Читать книгу Заводная девушка - Анна Маццола - Страница 10

Часть первая
Париж
Глава 6

Оглавление

Мадлен

Девятое февраля. Так утверждали напольные часы в холле, с которых Мадлен сейчас вытирала пыль. На циферблате, под серебряным полумесяцем и звездами, появилась девятка. Вот уже шесть дней Мадлен находилась в этом доме, но до сих пор не нашла никаких доказательств проклятых «неестественных опытов», о которых ей прожужжал уши Камиль. Может, он направил ее по ложному следу и поднял напрасный шум? Она несколько раз тайком заходила в мастерскую Рейнхарта и другие помещения, читала его письма и подслушивала под дверью, ненавязчиво расспрашивала слуг, однако ничего не узнала об опытах и характере хозяина. А интуиция подсказывала ей: что-то здесь не так и с Рейнхартом, и с его домом. Мадлен ощущала какую-то болезненность и скрытую странность, таящуюся под серебром и шелками.

Она перешла к следующим часам, чтобы вытереть и их.

– Следи, чтобы пыль не попала внутрь, иначе часы остановятся. Не ленись ежедневно очищать футляры от пыли, – наставляла ее Агата.

Мадлен потерла глаза, покрасневшие от пыли и усталости. Ее отправляли не только за кроликом. Был еще целый ряд странных поручений. И ведь никто не задумывался, что у нее и так полно хлопот по дому. Ей было не выкроить времени, чтобы сбегать домой, навестить Эмиля и узнать, как живется племяннику без нее. Мадлен ежедневно поднималась в половине шестого утра, разносила дрова, выгребала из топок золу и натирала графитом поверхность плиты, а потом, едва успев отскрести руки, помогала Эдме готовить завтрак, после чего шла помогать Веронике одеваться. После этого она занималась вытиранием пыли, стиркой и выполнением очередных поручений доктора Рейнхарта. Странный человек. В этом Мадлен уже не сомневалась. Быть может, очень умный, но чудной. Целыми днями он едва замечал ее присутствие, хотя порой она ловила на себе пристальный хозяйский взгляд. Рейнхарт смотрел на нее, точнее, на разные части ее тела: плечи, талию, руки, – словно снимал мерки для новой одежды или, чего доброго, примерял на ее шею петлю палача. Но точно так же он смотрел и на свою дочь. Веронику он разглядывал так, будто она была одним из его часовых механизмов и он хотел убедиться, что все колесики и пружинки работают должным образом.

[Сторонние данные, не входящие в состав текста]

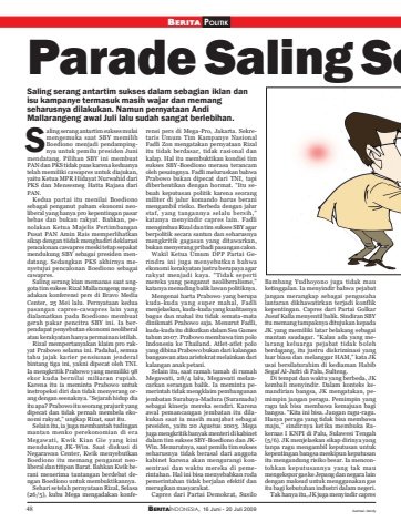 48 BERITAINDONESIA, 16 Juni - 20 Juli 2009BERITA POLITIKilustrasi: dendyParade Saling SeSaling serang antartim sukses dalam sebagian iklan danisu kampanye termasuk masih wajar dan memangseharusnya dilakukan. Namun pernyataan AndiMallarangeng awal Juli lalu sudah sangat berlebihan.aling serang antartim sukses mulaimengemuka saat SBY memilihBoediono menjadi pendampingnya untuk pemilu presiden Junimendatang. Pilihan SBY ini membuatPAN dan PKS tidak puas karena keduanyatelah memiliki cawapres untuk diajukan,yaitu Ketua MPR Hidayat Nurwahid dariPKS dan Mensesneg Hatta Rajasa dariPAN.Kedua partai itu menilai Boedionosebagai penganut paham ekonomi neoliberal yang hanya pro kepentingan pasarbebas dan bukan rakyat. Bahkan, penolakan Ketua Majelis PertimbanganPusat PAN Amin Rais memperlihatkansikap dengan tiidak menghadiri deklarasipencalonan cawapres meski tetap sepakatmendukung SBY sebagai presiden mendatang. Sedangkan PKS akhirnya menyetujui pencalonan Boediono sebagaicawapres.Saling serang kian memanas saat anggota tim sukses Rizal Mallarangeng mengadakan konferensi pers di Bravo MediaCenter, 25 Mei lalu. Pernyataan keduapasangan capres-cawapres lain yangdialamatkan pada Boediono membuatgerah pakar pencitra SBY ini. Ia berpendapat penyebutan ekonomi neoliberalatau kerakyatan hanya permainan istilah.Rizal mempertanyakan klaim pro rakyat Prabowo selama ini. Padahal, semuatahu jajak karier pensiunan jenderalbintang tiga ini, yakni dipecat oleh TNI.Ia mengkritik Prabowo yang memiliki 98ekor kuda bernilai miliaran rupiah.Karena itu ia meminta Prabowo untukinstropeksi diri dan tidak menyerang orang dengan seenaknya. “Sejarah hidup diaitu apa? Prabowo itu seorang prajurit yangdipecat dan tidak pernah membela ekonomi rakyat,” ungkap Rizat, saat itu.Selain itu, ia juga membantah tudinganmantan menko perekonomian di eraMegawati, Kwik Kian Gie yang kinimendukung JK-Win. Saat diskusi diNegarawan Center, Kwik menyebutkanBoediono itu memang penganut neoliberal dan titipan Barat. Bahkan Kwik berani menerima tantangan berdebat dengan Boediono untuk membuktikannya.Sehari setelah pernyataan Rizal, Selasa(26/5), kubu Mega mengadakan konferensi pers di Mega-Pro, Jakarta. Sekretaris Umum Tim Kampanye NasionalFadli Zon mengatakan pernyataan Rizalitu tidak berdasar, tidak rasional dankalap. Hal itu membuktikan kondisi timsukses SBY-Boediono merasa terancamoleh pesaingnya. Fadli meluruskan bahwaPrabowo bukan dipecat dari TNI, tapidiberhentikan dengan hormat. “Itu sebuah keputusan politik karena seorangmiliter di jalur komando harus beranimengambil risiko. Berbeda dengan jalurstaf, yang tangannya selalu bersih,”katanya menyindir capres lain. Fadlimengimbau Rizal dan tim sukses SBY agarberpolitik secara santun dan seharusnyamengkritik gagasan yang ditawarkan,bukan menyerang pribadi pasangan calon.Wakil Ketua Umum DPP Partai Gerindra ini juga menyebutkan bahwaekonomi kerakyatan justru berupaya agarrakyat menjadi kaya. “Tidak sepertimereka yang penganut neoliberalisme,”katanya menuding balik lawan politiknya.Mengenai harta Prabowo yang berupakuda-kuda yang super mahal, Fadlimenjelaskan, kuda-kuda yang kualitasnyabagus dan mahal itu tidak semata-matadinikmati Prabowo saja. Menurut Fadli,kuda-kuda itu diikutkan dalam Sea Gamestahun 2007. Prabowo membawa tim poloIndonesia ke Thailand. Atlet-atlet poloyang dibina Prabowo bukan dari kalanganbangsawan atau aristokrat melainkan darikalangan anak petani.Selain itu, saat ramah tamah di rumahMegawati, 28/4 lalu, Megawati melancarkan serangan balik. Ia meminta pemerintah tidak mengklaim pembangunanjembatan Surabaya-Madura (Suramadu)sebagai kinerja mereka sendiri. Karenaawal pemancangan jembatan itu dilakukan saat ia masih manjabat sebagaipresiden, yaitu 20 Agustus 2003. Megajuga mengkritik banyak menteri di kabinetdalam tim sukses SBY-Boediono dan JKWin. Menurutnya, saat pemilu tim suksesseharusnya tidak berasal dari anggotakabinet karena akan mengurangi konsentrasi dan waktu mereka di pemerintahan. Hal ini bisa menyebabkan rodapemerintahan tidak berjalan efektif danmerugikan masyarakat.Capres dari Partai Demokrat, SusiloBambang Yudhoyono juga tidak mauketinggalan. Ia menyindir bahwa pejabatjangan merangkap sebagai pengusahalantaran dikhawatirkan terjadi konflikkepentingan. Capres dari Partai GolkarJusuf Kalla menyentil balik. Sindiran SBYitu memang tampaknya ditujukan kepadaJK yang memiliki latar belakang sebagaimantan saudagar. “Kalau ada yang melarang keluarga pejabat tidak bolehberdagang, itu justru diskriminasi yangluar biasa dan melanggar HAM,” kata JKusai bersilaturahim di kediaman HabibSegaf Al-Jufri di Palu, Sulteng.Di tempat dan waktu yang berbeda, JKkembali menyindir. Dalam konteks kemandirian bangsa, JK mengatakan, pemimpin jangan peragu. Pemimpin yangragu tak bisa membawa kemajuan bagibangsa. “Kita ini bisa. Jangan ragu-ragu.Hanya peragu yang tidak bisa membawamaju,” sindirnya ketika membuka Rakernas I KNPI di Palu, Sulawesi Tengah(5/6). JK menjelaskan sikap dirinya yangtanpa ragu mengambil keputusan untukkepentingan bangsa meskipun keputusanitu mengandung risiko besar. Ia mencontohkan keputusannya yang tak maumengekspor gas ke Jepang dan negara laindengan maksud untuk menggunakan gasitu bagi kebutuhan industri dalam negeri.Tak hanya itu, JK juga menyindir capresS

При других обстоятельствах, будь ее характер иным, Мадлен, возможно, и посочувствовала бы Веронике, пожалела бы девчонку, у которой нет подруг и которую ожидают не лучшие времена, если полиция решит выгнать Рейнхарта из страны. Однако всякий раз, когда она прислуживала хозяйской дочке: завязывала кушаки, застегивала пуговицы, завивала волосы, вспоминая локоны Сюзетты, – она думала о сестре и том, что выпадает на долю Коралины, пока Вероника учится, читает и гуляет в парке. Видя по утрам хозяйскую дочь, нежащуюся в уютной постели, Мадлен вспоминала, чтó пришлось выдержать ей самой. Такие мысли она поспешно гнала. И каждый день, сознавая неумолимость времени, еще сильнее укреплялась в решимости навсегда покинуть материнский дом вместе с Эмилем и построить новую жизнь вдали от улицы Тевено. У картежников это называлось d’affranchir: пожертвовав одной картой, сохранить другую. Временами все это казалось ей постыдным, но ей ли не знать, что жизнь очень далека от справедливости?

Мадлен провела тряпкой по корпусу часов и вдруг оторопела. Волоски на руках встали дыбом. Обернувшись, она увидела в холле Рейнхарта. Он пристально смотрел на нее, стоя неподвижно и молчаливо, как статуя. Давно ли хозяин наблюдает за ней?

– Ты должна быть очень внимательной, – медленно произнес Рейнхарт. – Относиться к часам нужно деликатно. Понимаешь? Обращайся с ними как с живыми существами. Если нарушишь их равновесие, они остановятся. И что мы тогда будем делать?

Несколько секунд Мадлен могла только смотреть в его черные немигающие глаза, потом сказала:

– Конечно, месье. Я буду более внимательной.

– Да, – кивнул Рейнхарт. – Умница. Для меня важно, чтобы я мог тебе доверять.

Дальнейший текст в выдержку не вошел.